Step 1 - Install sb3-contrib

In your activated virtual environment, install the companion library:

pip install sb3-contrib

Step 2 - The Code: Updated drl_rm_bot.py with Masking Logic

This is the modified version of our DRL-RM environment. The most significant changes are in the DRL_RM_Env class, which now defines a Dict space with the required keys ("obs" and "action_mask"), and the DRL_RM_Bot class, which has a new method to generate the mask.

drl_rm_bot.py

import numpy as np
import gymnasium as gym
from gymnasium.spaces import Box, Dict, MultiDiscrete
import queue

from burnysc2.bot_ai import BotAI
from burnysc2.race import Terran
from sc2.units import Units
from sc2_gym_env import SC2GymEnv

# --- Environment Constants ---
MAX_UNITS = 50
NUM_UNIT_FEATURES = 5
NUM_ABILITIES = 2 # 0=Move, 1=Attack


class DRL_RM_Bot(BotAI):
"""
The DRL-RM bot, now updated to generate an action mask.
"""
# NOTE: _encode_state() and _decode_and_execute_action() are kept from the previous section.
# For brevity, only the new/changed methods are shown here.

def __init__(self, action_queue, obs_queue):
super().__init__()
self.action_queue = action_queue
self.obs_queue = obs_queue
self.race = Terran

def _get_action_mask(self) -> np.ndarray:
"""
Calculates a flat boolean mask for all possible actions.
An action is valid if its actor and target indices are within bounds
of the current number of units.
"""
my_units_len = len(self.units)
all_units_len = len(self.all_units)

# Create a 2D mask for valid actor-target pairs.
# A cell (i, j) is True if actor i and target j are valid units.
actor_mask = np.arange(MAX_UNITS) < my_units_len
target_mask = np.arange(MAX_UNITS * 2) < all_units_len
valid_pairs = np.logical_and(actor_mask[:, None], target_mask[None, :])

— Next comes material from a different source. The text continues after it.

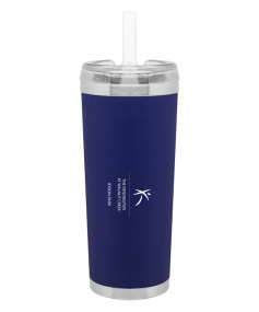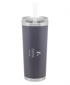 24 oz double wall 18/8 stainless steel thermal tumbler with copper vacuum insulation, stainless steel rim and base, threaded Eastman Tritan lid, snap closure, straw opening, and flexible wide silicone straw.

# Expand dimensions to (MAX_UNITS, 1, MAX_UNITS * 2).
expanded_mask = valid_pairs[:, None, :]

# Tile along the ability dimension, assuming all abilities are potentially valid.
# This creates the final 3D mask of shape (50, 2, 100).
final_mask = np.tile(expanded_mask, (1, NUM_ABILITIES, 1))

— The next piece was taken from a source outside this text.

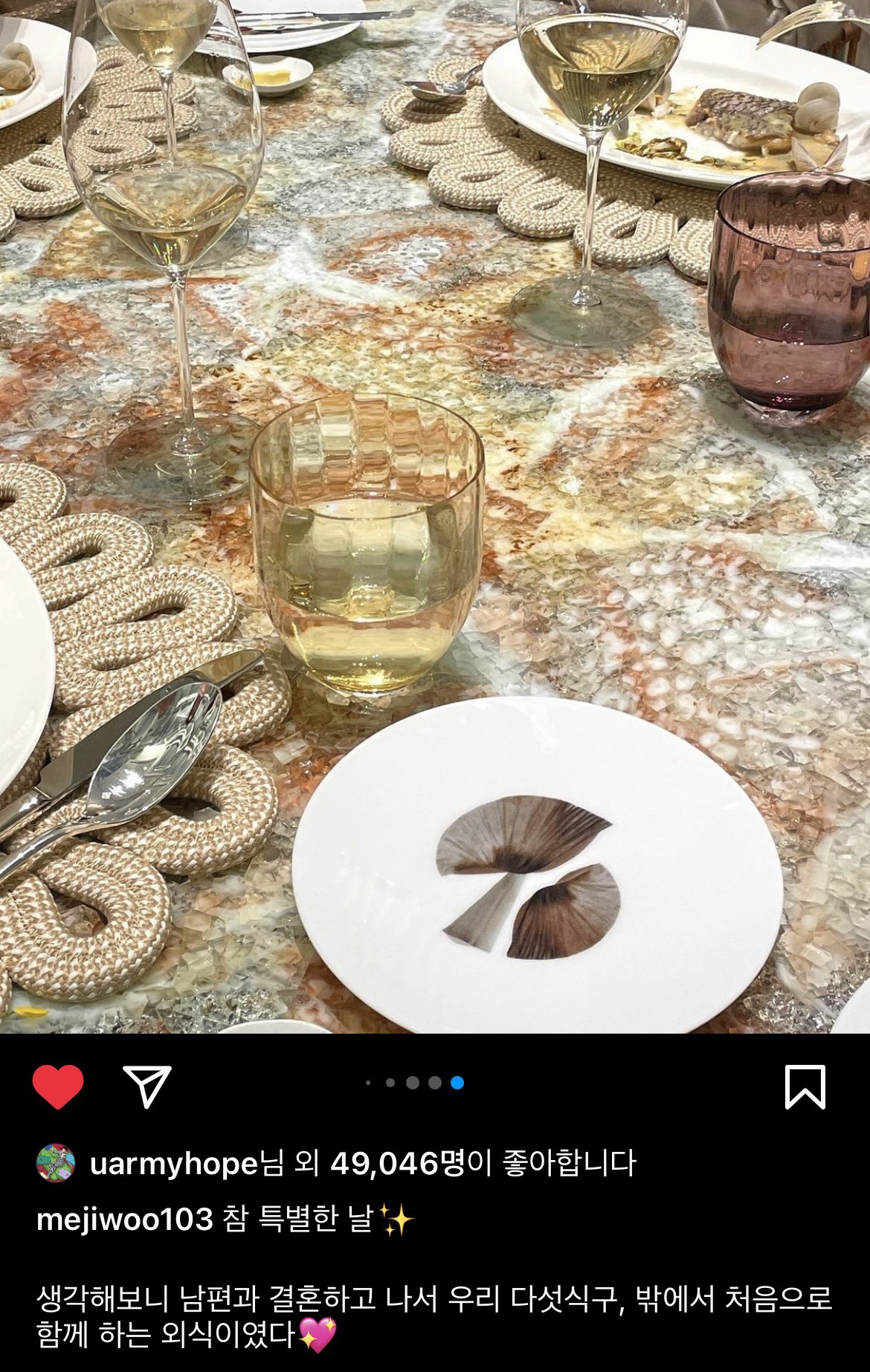 Jiwoo wrote, “A very special day. Looking back, it's true that this is the first time that 5 members went out to dinner together after my husband and I got married. Three hours have passed, I have spent the whole evening talking about the wonderful dishes in such a magnificent place, today is a day I will remember forever".

# Flatten the 3D mask into a 1D vector for the agent.
return final_mask.flatten()

async def on_step(self, iteration: int):
# The main loop now follows a cleaner Observe -> Act cycle.
if iteration % 8 == 0:
# 1. OBSERVE: Get the current state and generate the observation and mask.
observation = self._encode_state()
action_mask = self._get_action_mask()

# The observation is now a dictionary with "obs" and "action_mask" keys.
obs_dict = {
"obs": observation,
"action_mask": action_mask
}

terminated = self.townhalls.amount == 0

# 2. SEND OBSERVATION: Send the data to the agent and wait for an action.
self.obs_queue.put((obs_dict, 0.1, terminated, False, {}))

if terminated:
await self.client.leave()
return

# 3. ACT: Get the (now guaranteed valid) action from the agent and execute it.
try:
action = self.action_queue.get_nowait()
await self._decode_and_execute_action(action)
except queue.Empty:
pass


class DRL_RM_Env(SC2GymEnv):
"""The Gymnasium Wrapper, updated to use a Dict observation space."""
def __init__(self):
super().__init__(bot_class=DRL_RM_Bot, map_name="AcropolisLE")

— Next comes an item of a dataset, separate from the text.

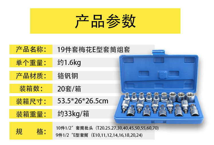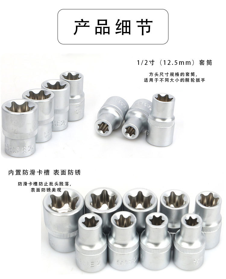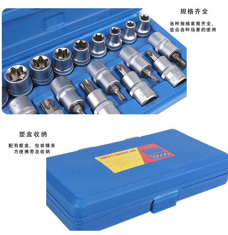 Juego de llaves de vaso tipo E, juego de llaves de vaso hexagonales tipo E de 6 piezas, combinación de llaves de vaso hexagonales de 19 piezas, herramientas especiales para reparación de automóviles.

self.action_space = MultiDiscrete([MAX_UNITS, NUM_ABILITIES, MAX_UNITS * 2])

# The observation space must now be a Dict space for MaskablePPO.
self.observation_space = Dict({
# The key "obs" holds our original unit feature matrix.
"obs": Box(low=0, high=1, shape=(MAX_UNITS, NUM_UNIT_FEATURES), dtype=np.float32),
# The key "action_mask" holds the boolean mask.
"action_mask": Box(low=0, high=1, shape=(self.action_space.nvec.prod(),), dtype=bool)
})

Step 3 - The Code: Updated train.py

Your training script requires a single, simple change: importing and using MaskablePPO. No other changes are needed, as MaskablePPO is designed to automatically find the "obs" and "action_mask" keys in the environment's observation space.

# train.py
import multiprocessing as mp
# Import from sb3_contrib instead of stable_baselines3
from sb3_contrib import MaskablePPO
from drl_rm_bot import DRL_RM_Env

def main():
env = DRL_RM_Env()

# Use the MaskablePPO class
model = MaskablePPO("MlpPolicy", env, verbose=1)

model.learn(total_timesteps=200_000)
model.save("ppo_masked_drl_rm")
env.close()

if __name__ == '__main__':
mp.freeze_support()
main()

With these modifications, your framework is now equipped with action masking, a crucial technique for making the complex DRL-RM agent trainable.